The most outrageous thing is that many people are fishing in these intricate waters. They extort humble homes that hardly are able to subsist. "Twenty thousand from don Pacho’s house, 10,000 from Aguante’s, 50,000 from Mocho’s house," one can read on some of the lists that the Police have found on the criminals that they capture. But despite hundreds of joint operations by the Police and Army, the 11 dead that have put in the last 15 months, and the constant councils about security, many of them directed by [Colombia’s President] Alvaro Uribe, the controls are not sufficient.
In the journey through the barrio el Lleras journalists from Semana found quite easily two guys, 15 and 18 years old, that without much fuss agreed to show two automatic weapons that each one was carrying on their waist and a gun that they had (encaletado) nearby. What are the guns for? "Without them, nobody respects us.
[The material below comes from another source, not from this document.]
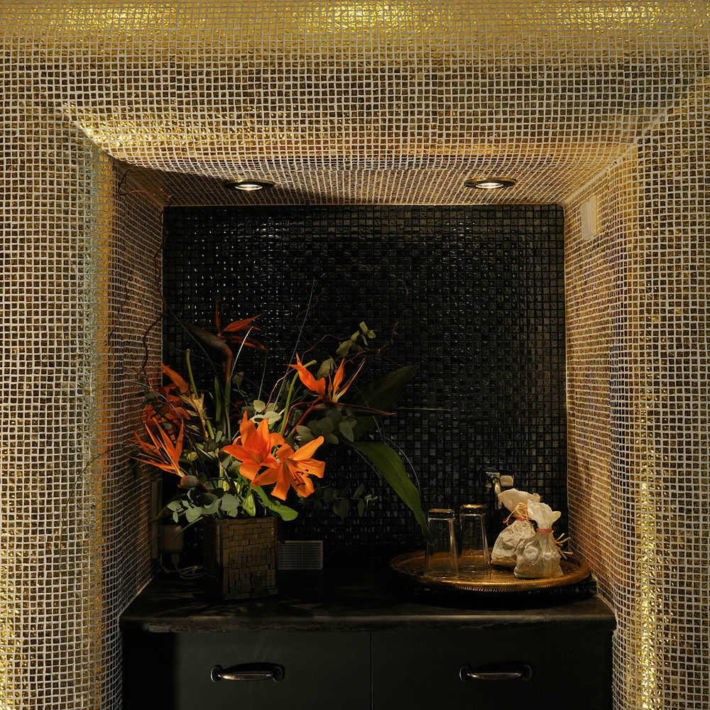 Singular gold details on the walls, lamps or the tiles show hints of the beautiful sisters' oriental roots.

Here we give ourselves the lead with whoever may strike."
Antero Viveros, president of the local action committee in this same barrio, has an explanation for what has happened to Buenaventura: "The poverty is not an excuse in order to return to crime, but when the hunger pursues, the people do not make good decisions and the problems follow. Because of this, we have lost a generation of boys that faced with the uncertainty of their future, go down the wrong path."
The authorities say that part of the difficulties in containing the violence is that many of the protagonists are minors. "However many we capture, the law requires us to free them," says Yamil Moreno, commander of the special group of Police, that with 900 men, started operations in the zone in January.
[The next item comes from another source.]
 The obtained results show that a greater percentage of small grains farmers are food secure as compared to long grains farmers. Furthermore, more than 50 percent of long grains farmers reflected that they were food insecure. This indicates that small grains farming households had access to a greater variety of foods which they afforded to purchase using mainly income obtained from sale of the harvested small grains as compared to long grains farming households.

There the kids are the protagonists of the war as victimizers as they are the victims. Just in the last three months, eight children have arrived to the hospital injured by bullets. Half of them have died. This statistic sums up the most worrying statistics on the violence. Last year, 403 people were murdered in Buenaventura, which elevated the murder rate to 130 people every 100,000, the highest in the country. This year, Legal Medicine already registers 184 violent deaths, with 73 murders just in the month of April, four of which were done by dismembering [the victims].
The employers of the Port are looking desperately for the violence in the city to disappear. They are worried by the stigma in a zone where millions of investments exist and, [worried] because the violence, [where] the poorest barrios can be turned into commercial zones. Just last Friday, a small bomb seemed to announce that the war is moving towards the center of Buenaventura. This was the twenty-first attack with explosives in what goes without stopping this year.
The worst thing for the humble barrios of the Port is that the presence of the state is limited to neutralizing the stigma of the city. [And] that the "solutions" do not take into consideration the narco-trafficking, which is the root of the problem, and cannot alleviate the misery in which the inhabitants live in his place where the bullets silence the sea.